(RECORDS SUPPLIED):
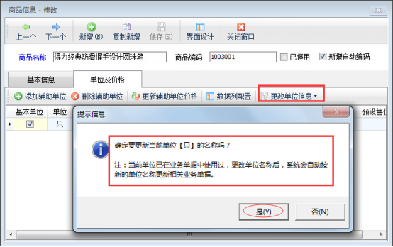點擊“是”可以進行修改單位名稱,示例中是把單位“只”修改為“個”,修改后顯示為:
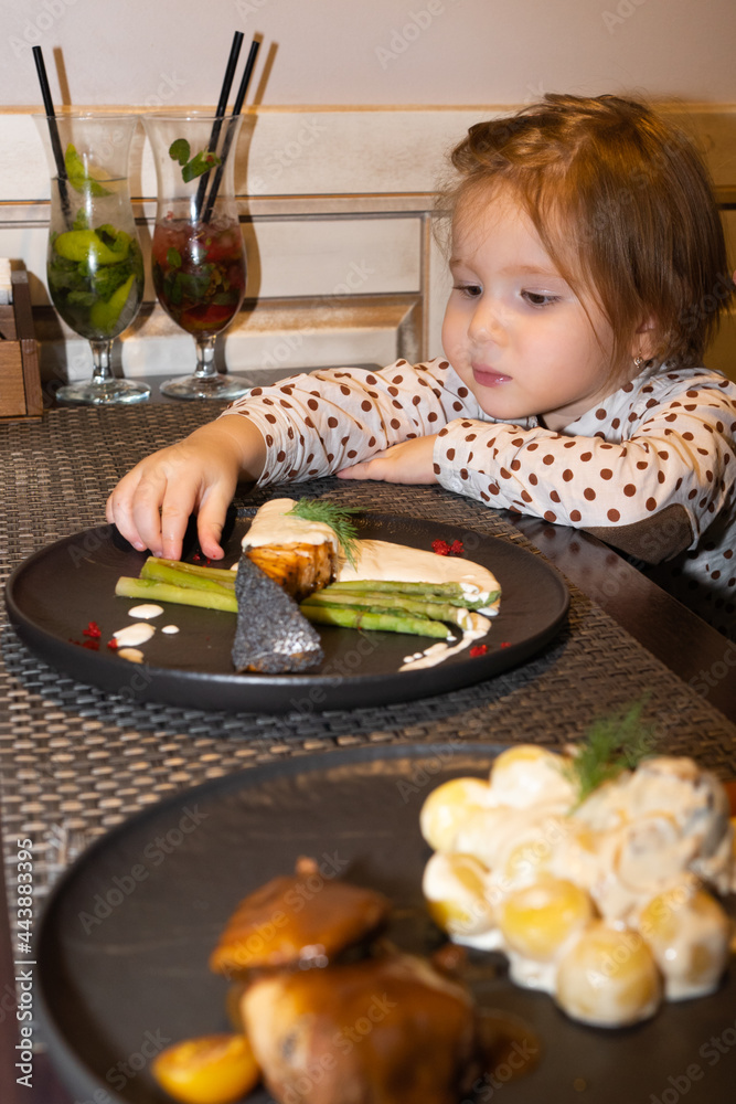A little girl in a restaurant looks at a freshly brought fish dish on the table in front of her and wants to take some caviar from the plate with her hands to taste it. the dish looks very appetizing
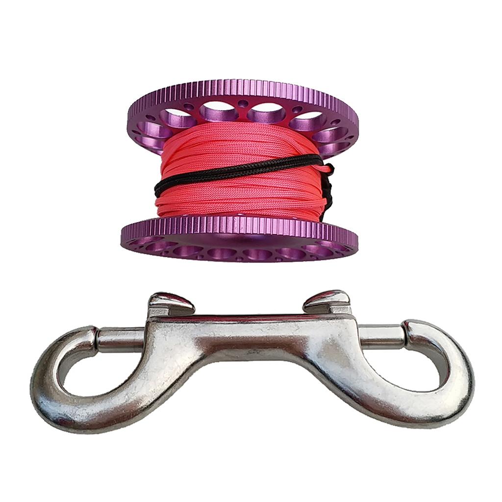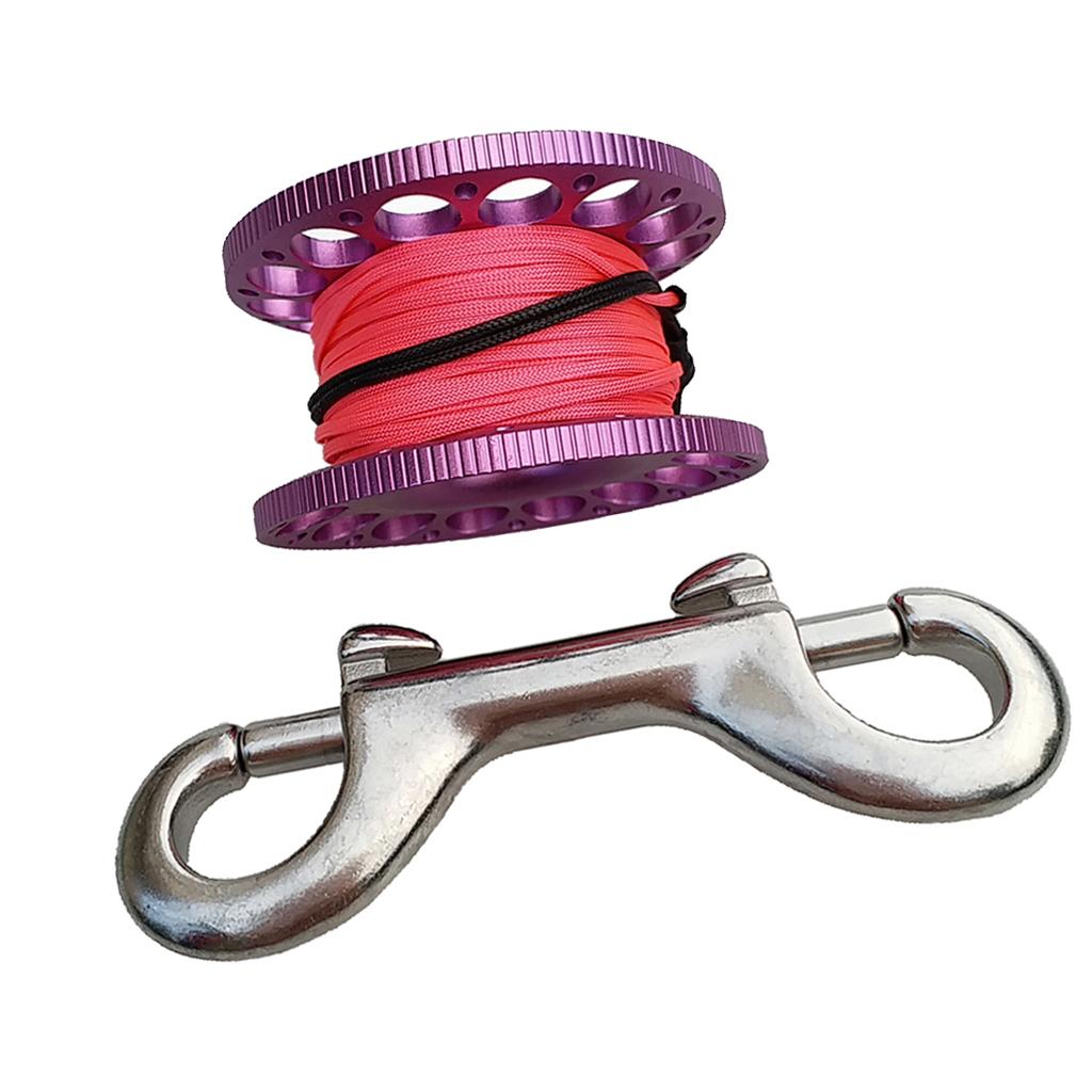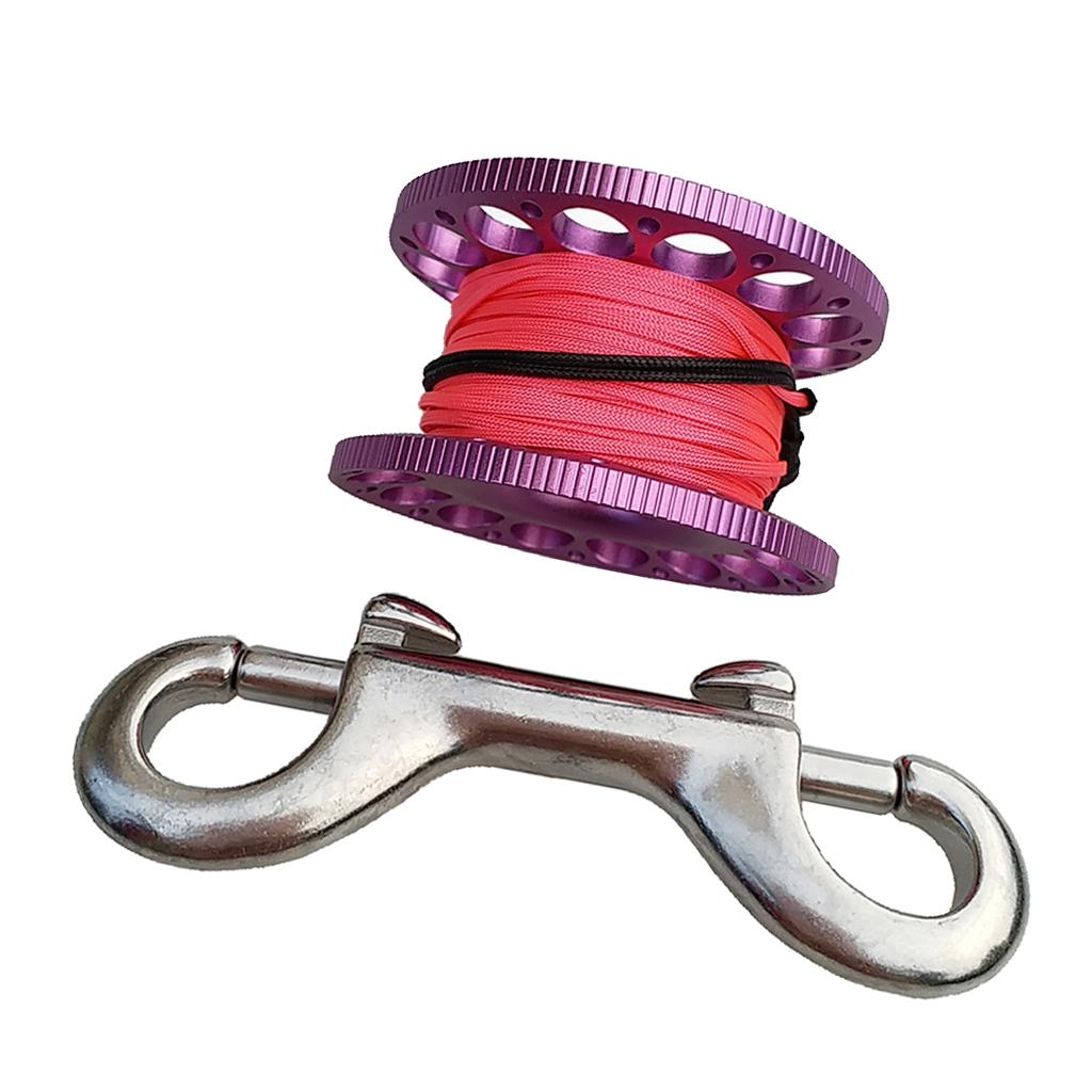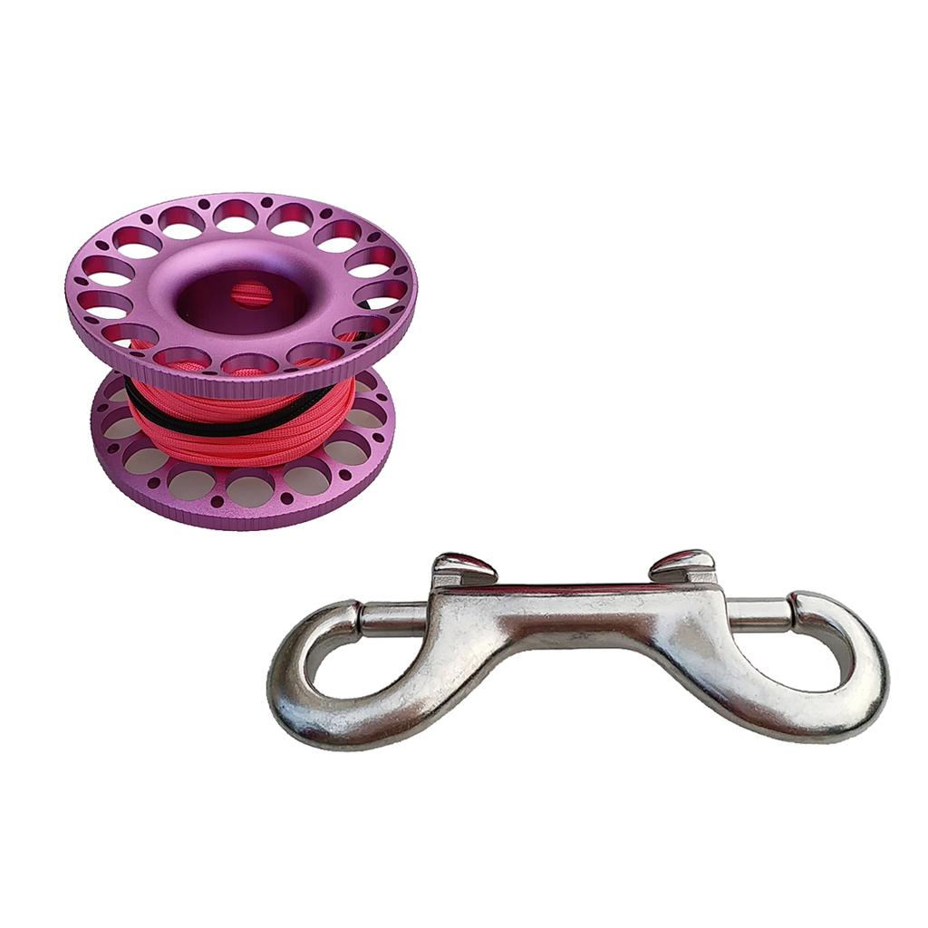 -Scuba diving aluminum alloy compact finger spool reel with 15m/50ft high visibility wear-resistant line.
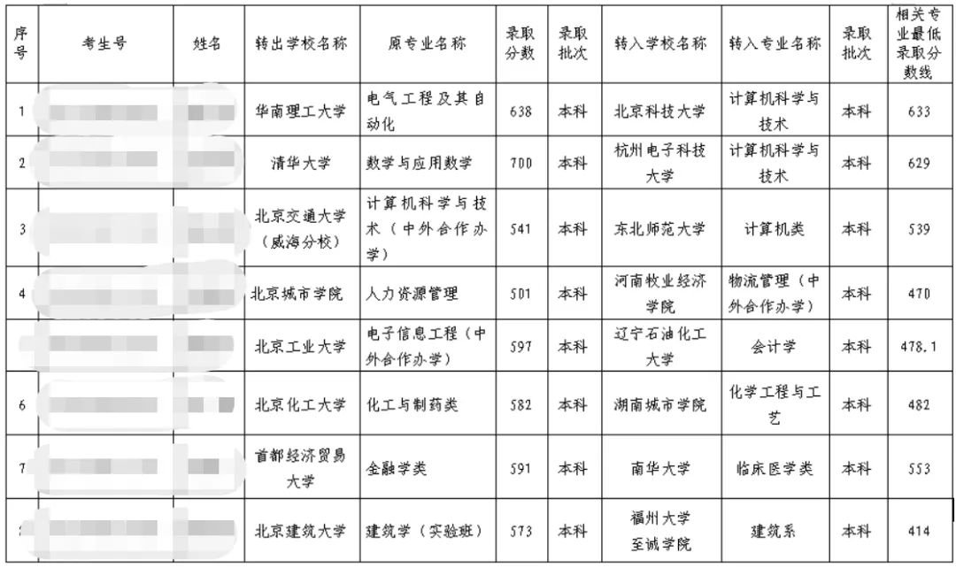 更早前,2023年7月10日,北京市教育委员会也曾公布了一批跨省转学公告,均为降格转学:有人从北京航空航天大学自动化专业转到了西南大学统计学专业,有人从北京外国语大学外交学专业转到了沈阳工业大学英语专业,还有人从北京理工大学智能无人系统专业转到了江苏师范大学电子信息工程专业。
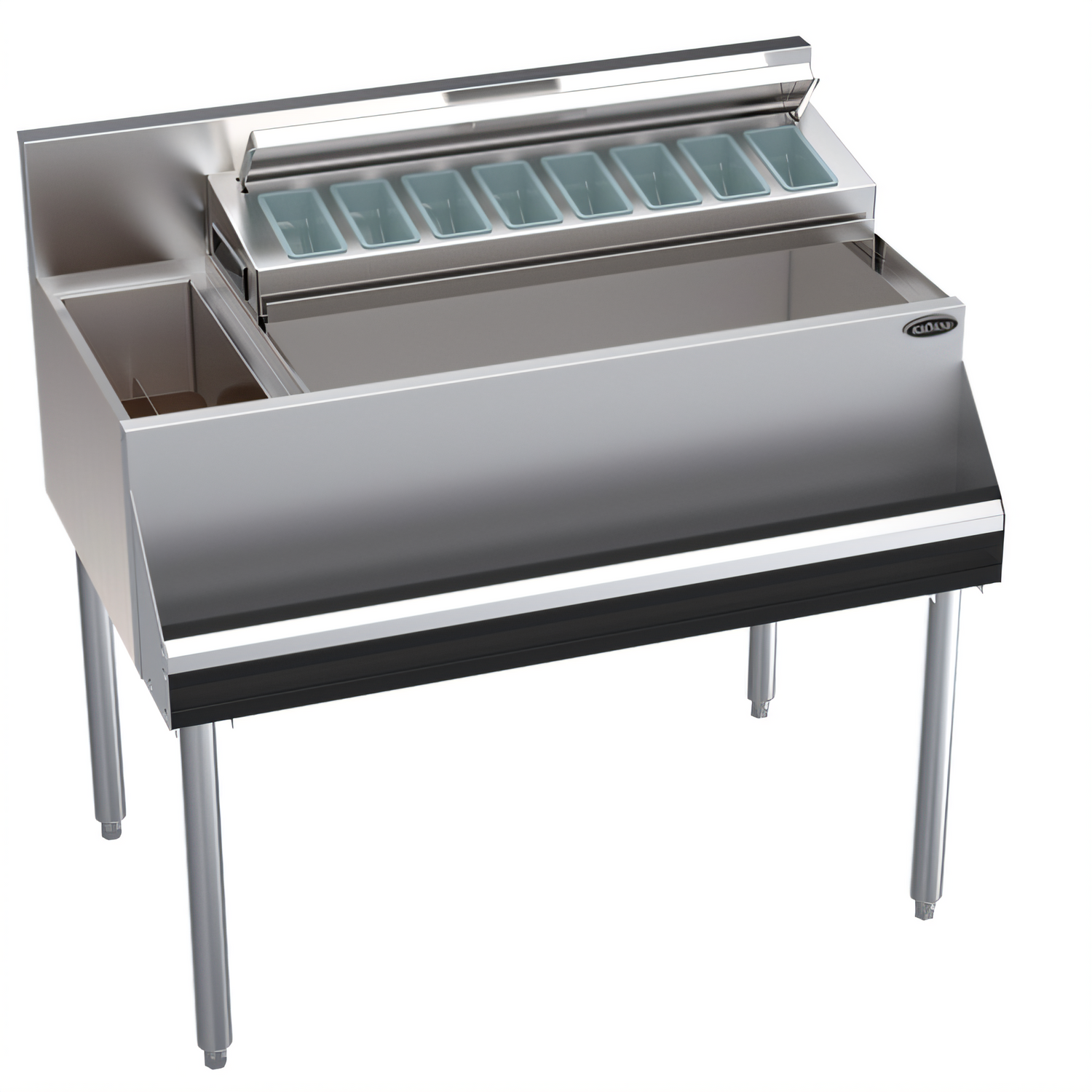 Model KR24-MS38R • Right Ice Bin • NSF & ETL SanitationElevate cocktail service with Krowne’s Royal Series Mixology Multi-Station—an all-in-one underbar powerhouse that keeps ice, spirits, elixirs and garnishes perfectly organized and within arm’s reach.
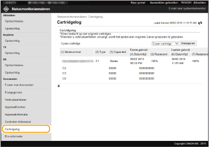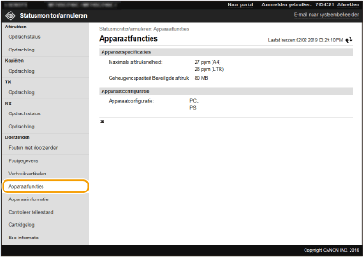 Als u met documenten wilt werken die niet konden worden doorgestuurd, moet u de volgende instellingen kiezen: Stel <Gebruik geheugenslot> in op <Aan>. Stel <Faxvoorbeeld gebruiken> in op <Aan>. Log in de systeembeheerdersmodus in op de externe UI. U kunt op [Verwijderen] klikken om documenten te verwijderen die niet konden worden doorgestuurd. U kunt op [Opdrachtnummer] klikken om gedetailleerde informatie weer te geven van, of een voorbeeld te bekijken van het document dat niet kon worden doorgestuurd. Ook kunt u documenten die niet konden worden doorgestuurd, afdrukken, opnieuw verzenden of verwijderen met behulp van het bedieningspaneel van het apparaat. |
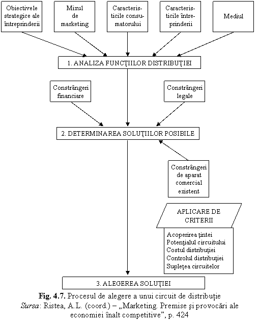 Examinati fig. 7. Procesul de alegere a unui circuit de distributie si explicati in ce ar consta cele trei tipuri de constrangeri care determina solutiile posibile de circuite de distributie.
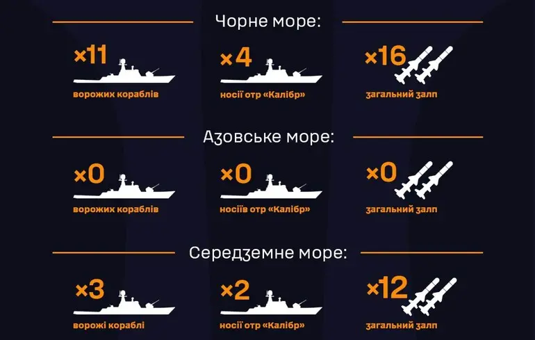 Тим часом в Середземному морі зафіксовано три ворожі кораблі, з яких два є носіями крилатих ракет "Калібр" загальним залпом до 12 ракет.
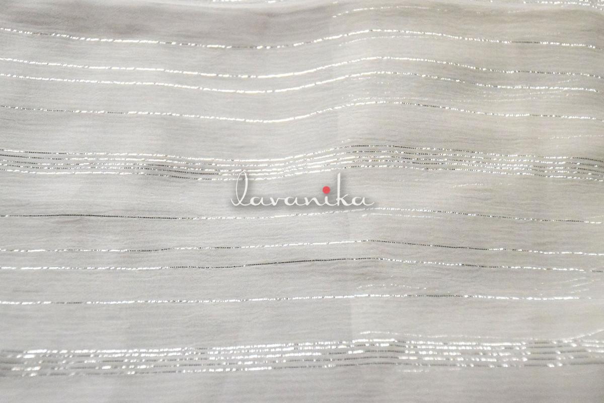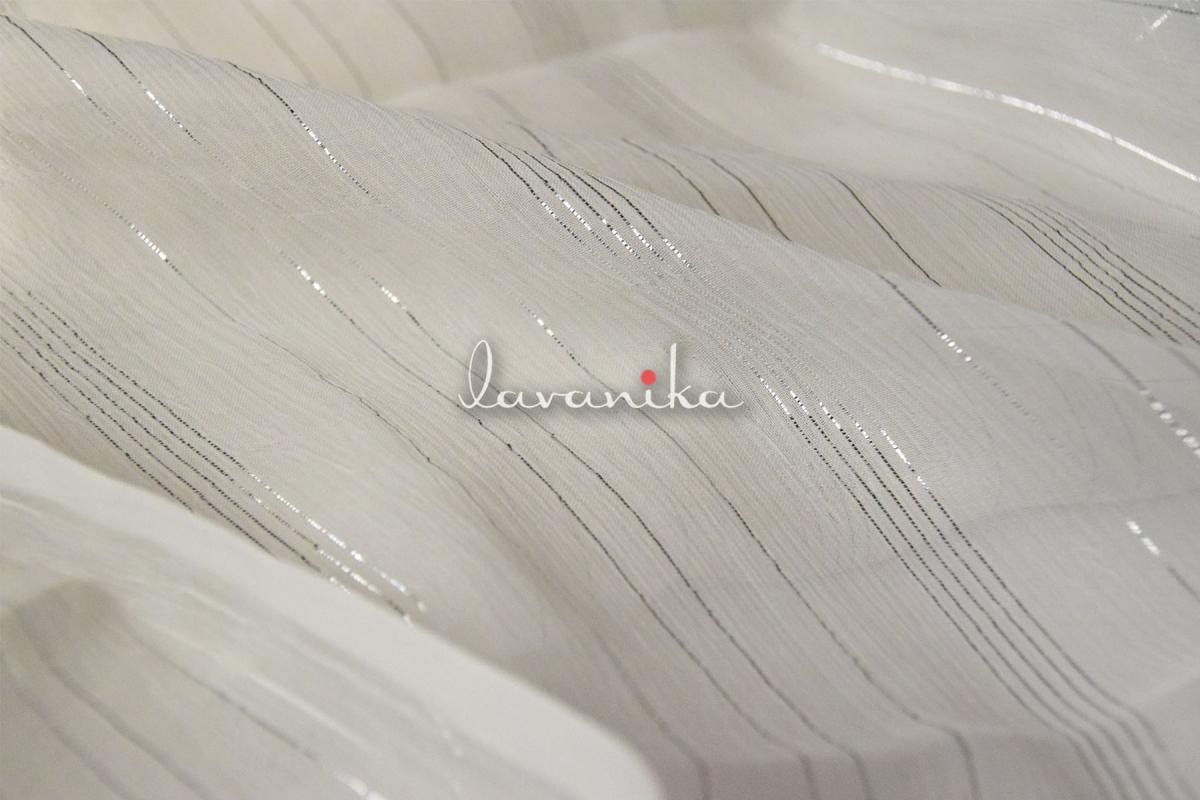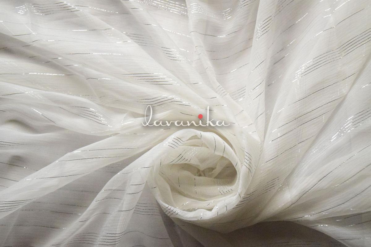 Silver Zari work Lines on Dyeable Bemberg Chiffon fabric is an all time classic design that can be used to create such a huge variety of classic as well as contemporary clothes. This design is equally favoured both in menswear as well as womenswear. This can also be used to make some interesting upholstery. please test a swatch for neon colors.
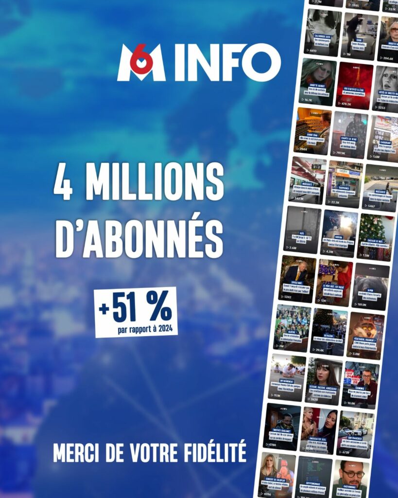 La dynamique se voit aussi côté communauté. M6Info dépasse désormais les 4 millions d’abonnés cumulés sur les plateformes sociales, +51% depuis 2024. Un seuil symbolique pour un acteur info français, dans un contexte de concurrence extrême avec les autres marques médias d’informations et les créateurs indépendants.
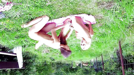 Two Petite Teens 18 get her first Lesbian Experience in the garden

(WHAT YOU ARE ASKED TO DO):
From the line containing "La dynamique se" through the last line of the entries, both included, print each line exactly and omit any picture.

(ANSWER TO THIS EXERCISE):
 La dynamique se voit aussi côté communauté. M6Info dépasse désormais les 4 millions d’abonnés cumulés sur les plateformes sociales, +51% depuis 2024. Un seuil symbolique pour un acteur info français, dans un contexte de concurrence extrême avec les autres marques médias d’informations et les créateurs indépendants.
 Two Petite Teens 18 get her first Lesbian Experience in the garden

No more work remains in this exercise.